Work instruction:
Below are entries. Copy exactly the lines running from the line that holds "Short Jeans com" to the line that holds "New - Modern", with both ends included.

+++ Material for this task

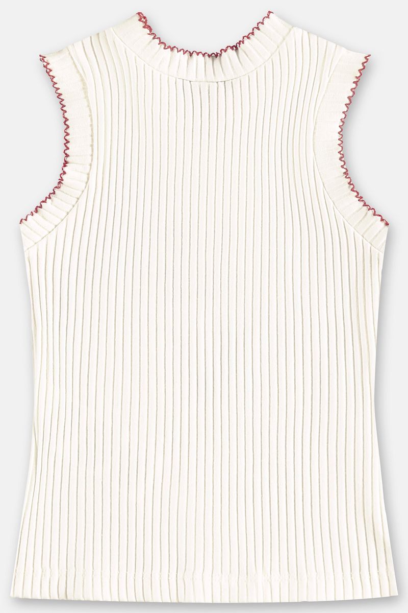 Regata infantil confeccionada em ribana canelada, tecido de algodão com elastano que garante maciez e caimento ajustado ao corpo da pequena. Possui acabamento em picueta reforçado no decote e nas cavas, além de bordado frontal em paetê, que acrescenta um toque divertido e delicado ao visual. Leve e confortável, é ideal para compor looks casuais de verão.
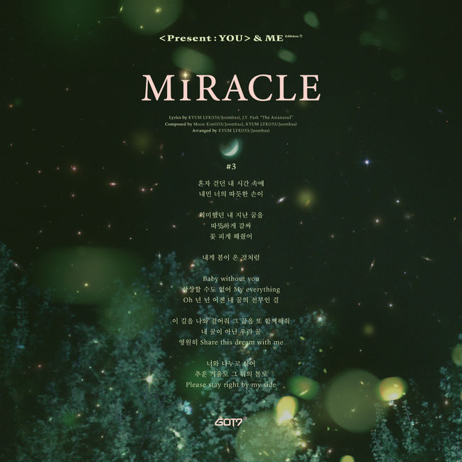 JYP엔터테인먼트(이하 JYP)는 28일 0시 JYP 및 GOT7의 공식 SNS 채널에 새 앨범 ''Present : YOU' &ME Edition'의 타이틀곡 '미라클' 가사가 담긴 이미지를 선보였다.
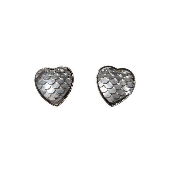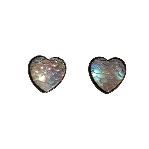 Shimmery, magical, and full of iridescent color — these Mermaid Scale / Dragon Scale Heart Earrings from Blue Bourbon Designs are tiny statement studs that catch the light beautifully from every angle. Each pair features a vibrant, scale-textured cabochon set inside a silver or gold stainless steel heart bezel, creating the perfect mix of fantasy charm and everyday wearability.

++++++
+++ Material for this task

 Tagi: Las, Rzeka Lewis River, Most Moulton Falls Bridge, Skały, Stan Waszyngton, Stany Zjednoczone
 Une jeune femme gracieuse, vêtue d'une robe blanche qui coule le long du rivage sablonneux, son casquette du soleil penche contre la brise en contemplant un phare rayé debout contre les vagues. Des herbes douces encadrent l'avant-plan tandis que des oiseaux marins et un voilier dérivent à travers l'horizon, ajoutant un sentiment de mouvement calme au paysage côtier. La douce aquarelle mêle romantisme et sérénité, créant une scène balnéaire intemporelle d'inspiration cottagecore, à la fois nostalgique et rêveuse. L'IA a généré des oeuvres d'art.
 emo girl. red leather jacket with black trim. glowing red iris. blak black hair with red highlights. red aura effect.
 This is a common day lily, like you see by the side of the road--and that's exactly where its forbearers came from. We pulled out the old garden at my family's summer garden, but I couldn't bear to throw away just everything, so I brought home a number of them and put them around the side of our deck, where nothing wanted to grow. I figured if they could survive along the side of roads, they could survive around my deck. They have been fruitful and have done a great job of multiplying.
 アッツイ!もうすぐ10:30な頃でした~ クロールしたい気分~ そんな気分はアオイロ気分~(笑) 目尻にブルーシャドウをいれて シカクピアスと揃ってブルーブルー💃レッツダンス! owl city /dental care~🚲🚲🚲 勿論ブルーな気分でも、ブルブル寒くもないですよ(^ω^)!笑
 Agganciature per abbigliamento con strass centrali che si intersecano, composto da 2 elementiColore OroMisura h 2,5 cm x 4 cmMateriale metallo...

++++++
+++ Material for this task

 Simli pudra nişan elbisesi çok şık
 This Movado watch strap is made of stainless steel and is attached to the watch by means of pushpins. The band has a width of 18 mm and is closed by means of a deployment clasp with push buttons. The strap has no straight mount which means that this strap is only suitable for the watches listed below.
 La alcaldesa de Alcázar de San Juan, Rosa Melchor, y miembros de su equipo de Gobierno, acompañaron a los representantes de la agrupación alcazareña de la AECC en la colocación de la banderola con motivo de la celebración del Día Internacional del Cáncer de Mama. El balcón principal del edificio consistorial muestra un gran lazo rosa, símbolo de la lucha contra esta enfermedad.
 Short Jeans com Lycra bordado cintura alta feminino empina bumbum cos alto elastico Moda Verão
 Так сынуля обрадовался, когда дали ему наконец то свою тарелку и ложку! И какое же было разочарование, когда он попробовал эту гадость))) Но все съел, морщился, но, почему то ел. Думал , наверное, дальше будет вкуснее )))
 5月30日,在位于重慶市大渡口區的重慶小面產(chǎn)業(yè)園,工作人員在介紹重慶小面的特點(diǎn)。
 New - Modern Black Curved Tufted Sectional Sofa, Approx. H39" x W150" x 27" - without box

++++++

Solved exercise:
 Short Jeans com Lycra bordado cintura alta feminino empina bumbum cos alto elastico Moda Verão
 Так сынуля обрадовался, когда дали ему наконец то свою тарелку и ложку! И какое же было разочарование, когда он попробовал эту гадость))) Но все съел, морщился, но, почему то ел. Думал , наверное, дальше будет вкуснее )))
 5月30日,在位于重慶市大渡口區的重慶小面產(chǎn)業(yè)園,工作人員在介紹重慶小面的特點(diǎn)。
 New - Modern Black Curved Tufted Sectional Sofa, Approx. H39" x W150" x 27" - without box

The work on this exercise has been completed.